What is required >>
The result should be a full, exact repeat of the entries, free of pictures.

Records from a dataset
════════════════

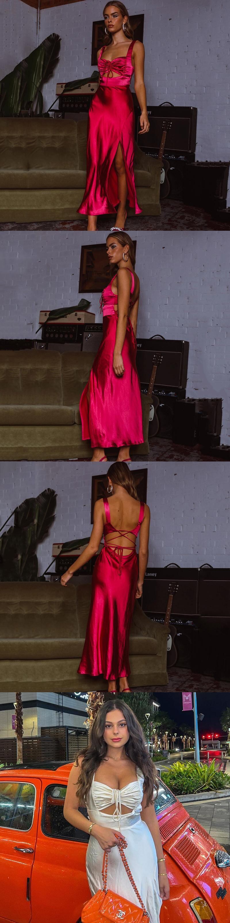 送料無料 暗号包帯セクシーな背中の開いたサテンマキシドレス衣装女性クラブパーティードレス夏シャーリングスリットロングドレス Vestido サマー 夏物 AE123565588731714392961
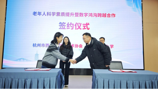 为推动老年人科学素质提升工作提质增效,现场,西湖区科学技术协会与杭州社区大学共同签署了老年人科学素质提升暨数字鸿沟跨越合作协议。双方未来将在整合资源,通过课程开发、场地共享、培训赋能等多元化合作形式,为老年人搭建便捷、实用的学习平台。
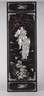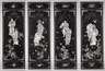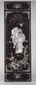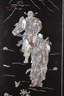 China, Anfang 20. Jh., hochrechteckige Holzpaneele, schwarz lackiert, sehr feine Einlegearbeiten in Perlmutt, dieser graviert und ausgetuscht, jeweils mit zwei Figuren in Landschaft, sehr guter Zustand, Maße 120 x 40 cm.
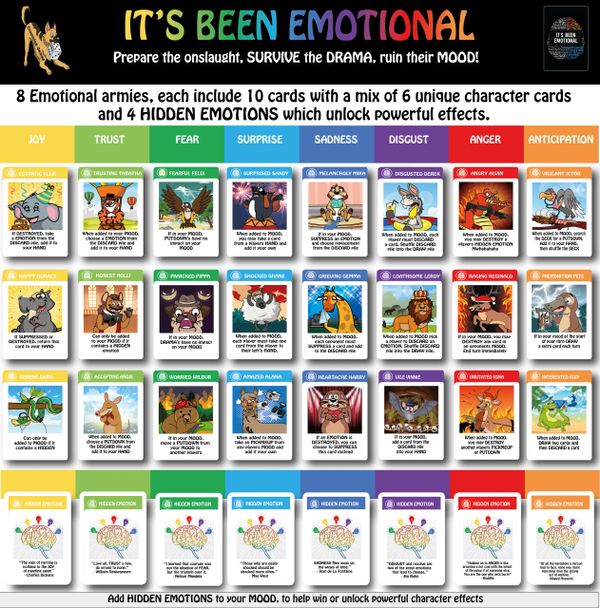 EMOTIONS: There are 80 character cards, 10 cards per 8x emotional families or army; each colour with their own unique power traits. These include both Unique Characters or Hidden Emotions which are required to unlock powerful effects
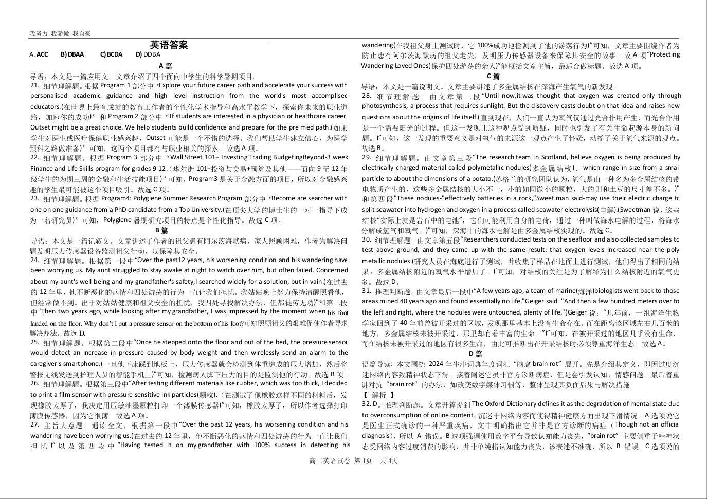河南省驻马店市重点高中2025届高三下期第三次考试英语答案
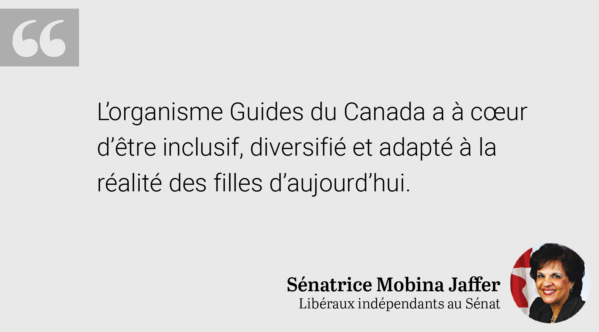 L’organisme Guides du Canada a à cœur d’être inclusif, diversifié et adapté à la réalité des filles d’aujourd’hui. C’est ce qui devrait figurer dans sa charte. Ces valeurs sont essentielles et correspondent à son objectif : offrir un espace sécuritaire où les filles de tous les milieux peuvent s’épanouir tout en développant leur assurance, leur résilience, leur indépendance et leur ouverture d’esprit.
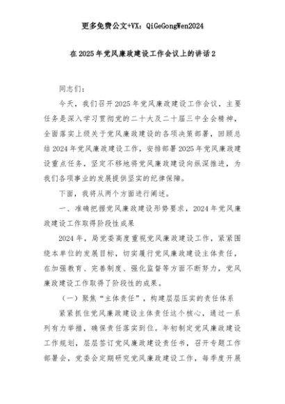 【七哥公文】2025年:在2025年党风廉政建设工作会议上的讲话2+更多免费公文+VX:QiGeGongWen2024+更多免费公文+VX:QiGeGongWen2024
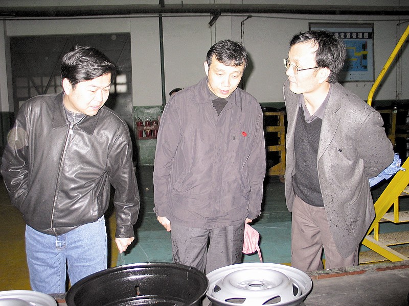 ◆2004年3月零部件事业部党委书记、车轮公司董事长何伟 (左一)到工厂检查工作。
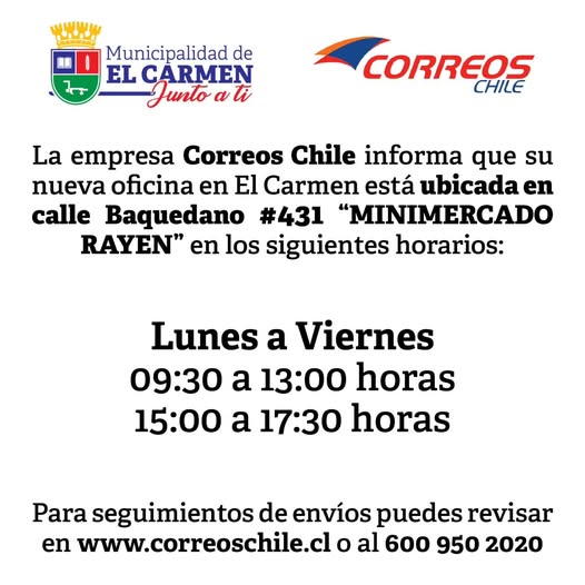 La Municipalidad de El Carmen, en conjunto con Correos Chile, anunció la apertura de una nueva oficina de atención ubicada en calle Baquedano #431, al interior del Minimercado Rayen.
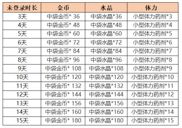 【礼包内容】:奖励会根据未登录的天数进行递增(奖励不叠加),登入游戏即可领取
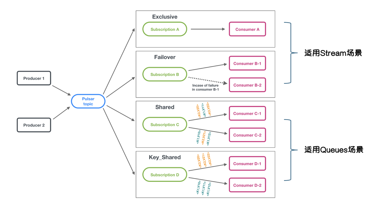 | Pulsar 的流(Streaming)和消息(Messaging)场景结合,通过 Key-shard(键共享)、Failover(故障转移)、Exclusive(独占)、Shared(共享)四种订阅模式来实现
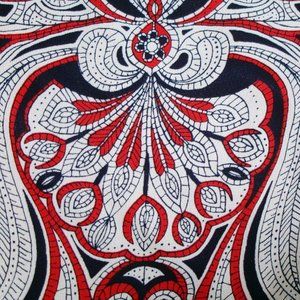 Navy blue / red / white semi sheer print over solid navy blue lining

════════════════

Written response >>
 送料無料 暗号包帯セクシーな背中の開いたサテンマキシドレス衣装女性クラブパーティードレス夏シャーリングスリットロングドレス Vestido サマー 夏物 AE123565588731714392961
 为推动老年人科学素质提升工作提质增效,现场,西湖区科学技术协会与杭州社区大学共同签署了老年人科学素质提升暨数字鸿沟跨越合作协议。双方未来将在整合资源,通过课程开发、场地共享、培训赋能等多元化合作形式,为老年人搭建便捷、实用的学习平台。
 China, Anfang 20. Jh., hochrechteckige Holzpaneele, schwarz lackiert, sehr feine Einlegearbeiten in Perlmutt, dieser graviert und ausgetuscht, jeweils mit zwei Figuren in Landschaft, sehr guter Zustand, Maße 120 x 40 cm.
 EMOTIONS: There are 80 character cards, 10 cards per 8x emotional families or army; each colour with their own unique power traits. These include both Unique Characters or Hidden Emotions which are required to unlock powerful effects
河南省驻马店市重点高中2025届高三下期第三次考试英语答案
 L’organisme Guides du Canada a à cœur d’être inclusif, diversifié et adapté à la réalité des filles d’aujourd’hui. C’est ce qui devrait figurer dans sa charte. Ces valeurs sont essentielles et correspondent à son objectif : offrir un espace sécuritaire où les filles de tous les milieux peuvent s’épanouir tout en développant leur assurance, leur résilience, leur indépendance et leur ouverture d’esprit.
 【七哥公文】2025年:在2025年党风廉政建设工作会议上的讲话2+更多免费公文+VX:QiGeGongWen2024+更多免费公文+VX:QiGeGongWen2024
 ◆2004年3月零部件事业部党委书记、车轮公司董事长何伟 (左一)到工厂检查工作。
 La Municipalidad de El Carmen, en conjunto con Correos Chile, anunció la apertura de una nueva oficina de atención ubicada en calle Baquedano #431, al interior del Minimercado Rayen.
 【礼包内容】:奖励会根据未登录的天数进行递增(奖励不叠加),登入游戏即可领取
 | Pulsar 的流(Streaming)和消息(Messaging)场景结合,通过 Key-shard(键共享)、Failover(故障转移)、Exclusive(独占)、Shared(共享)四种订阅模式来实现
 Navy blue / red / white semi sheer print over solid navy blue lining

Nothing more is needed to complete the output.